假使这里住的不是女生,而是某种变态,说不定现在的情况已经是人为刀俎郑悠悠为鱼肉了。
可不是,要被吃掉了么。
陌生人依旧一瞬不瞬地望着她:“你想,进来坐吗?”
郑悠悠退远两步,拢紧衣襟,抿着嘴酝酿措辞。
深秋的夜风吹过,长发骤然散落,挂在天边的冷月,草地上白睡裙的女生,周身镀上了一层淡淡的柔光。
奇怪邻居忽然又微笑了。
“你你你,不要整夜放音乐了!”悠悠看得肝颤,有些语无伦次,“真的会吵到附近的人。
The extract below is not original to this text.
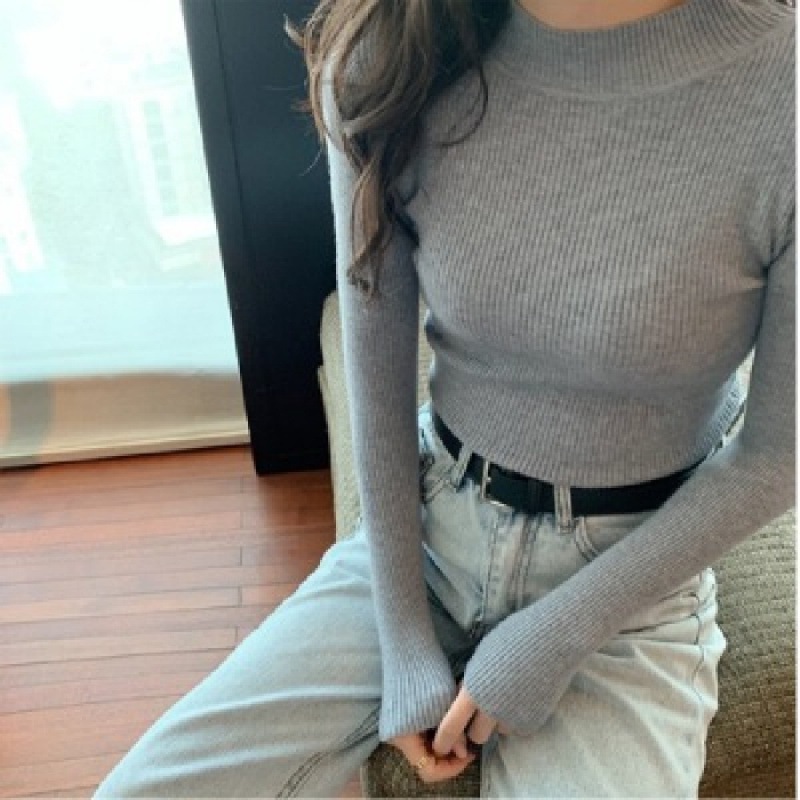 2023 가을과 겨울 새로운 하프 터틀넥 스웨터 여성용 베이스 셔츠 내부 착용 겉옷 유행 달콤한 소녀 니트 셔츠스토어 가기
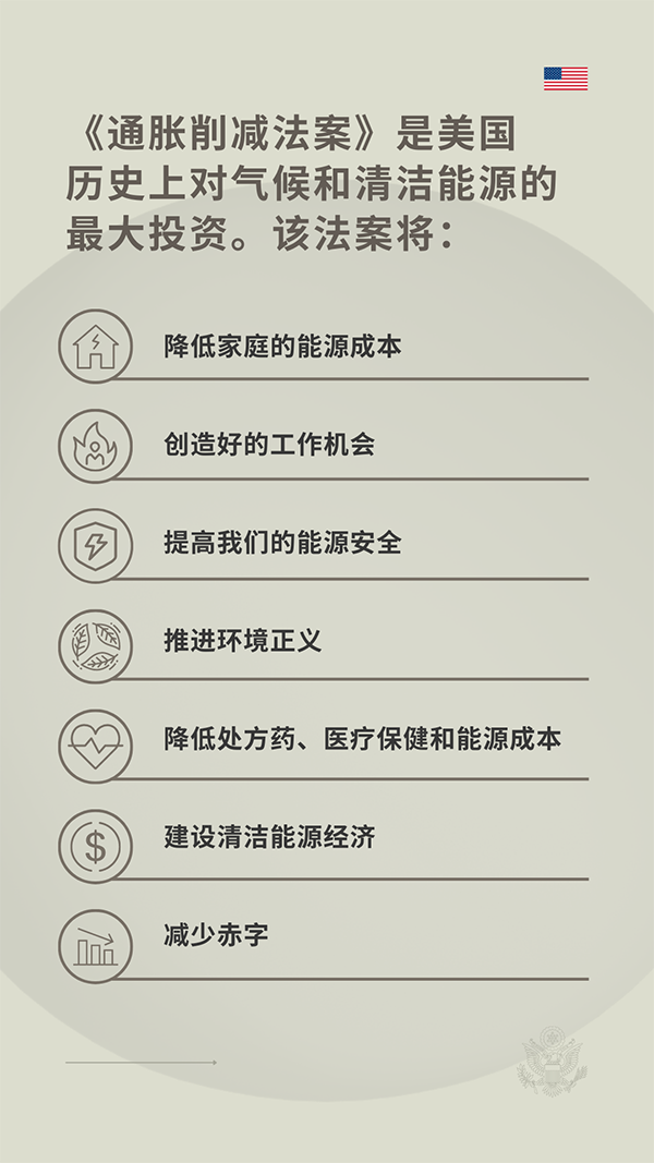 《通胀削减法案》是美国历史上对气候和清洁能源的最大投资。该法案将:

这是个学区房,周遭都是……”
斜倚在门上的女生挑挑眉毛,“唔,凭什么?”
悠悠哑然,的确啊,凭啥。她引以为自然的一切都是建立在“体贴他人”这种美好的品质上。
“你再这样我会报警!”悠悠瞪她一眼。
对方一脸悉听尊便的表情,而且一边扫视她,一边用舌尖舔了舔唇角。
郑悠悠觉得后背凉凉地发毛,脸也倏地发起烫来。转身欲走,想想到底不甘心,又大踏步回到那人面前,将手机往她跟前一递,凶巴巴地,“哈,不要以为你是唯一一个自带背景音乐的人,我……”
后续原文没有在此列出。